This documentation including all documentation incorporated by reference herein such as documentation provided or made available on the BlackBerry website provided or made accessible “AS IS” and “AS AVAILABLE” and without condition, endorsement, guarantee, representation, or warranty of any kind by BlackBerry Limited and its affiliated companies (“BlackBerry”) and BlackBerry assumes no responsibility for any typographical, technical, or other inaccuracies, errors, or omissions in this documentation. To protect BlackBerry’s proprietary and confidential information and/or trade secrets, this documentation may describe some aspects of BlackBerry technology in generalized terms. BlackBerry reserves the right to periodically change information that is contained in this documentation; however, BlackBerry does not commit to providing any such changes, updates, enhancements, or other additions to this documentation to you promptly or at all.

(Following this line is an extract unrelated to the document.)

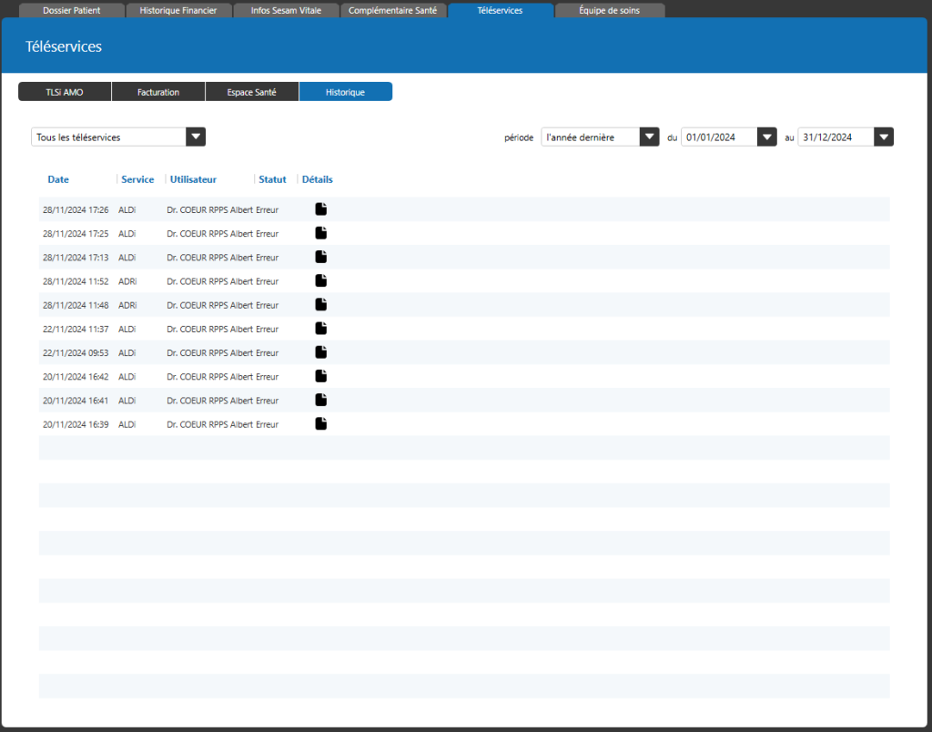 Cette section permet de retrouver la liste de tous les téléservices utilisés pour un patient donné, avec une mention claire du type de service, date d’appel et utilisateur initiateur.

This documentation might contain references to third-party sources of information, hardware or software, products or services including components and content such as content protected by copyright and/or third-party websites (collectively the “Third Party Products and Services”). BlackBerry does not control, and is not responsible for, any Third Party Products and Services including, without limitation the content, accuracy, copyright compliance, compatibility, performance, trustworthiness, legality, decency, links, or any other aspect of Third Party Products and Services. The inclusion of a reference to Third Party Products and Services in this documentation does not imply endorsement by BlackBerry of the Third Party Products and Services or the third party in any way.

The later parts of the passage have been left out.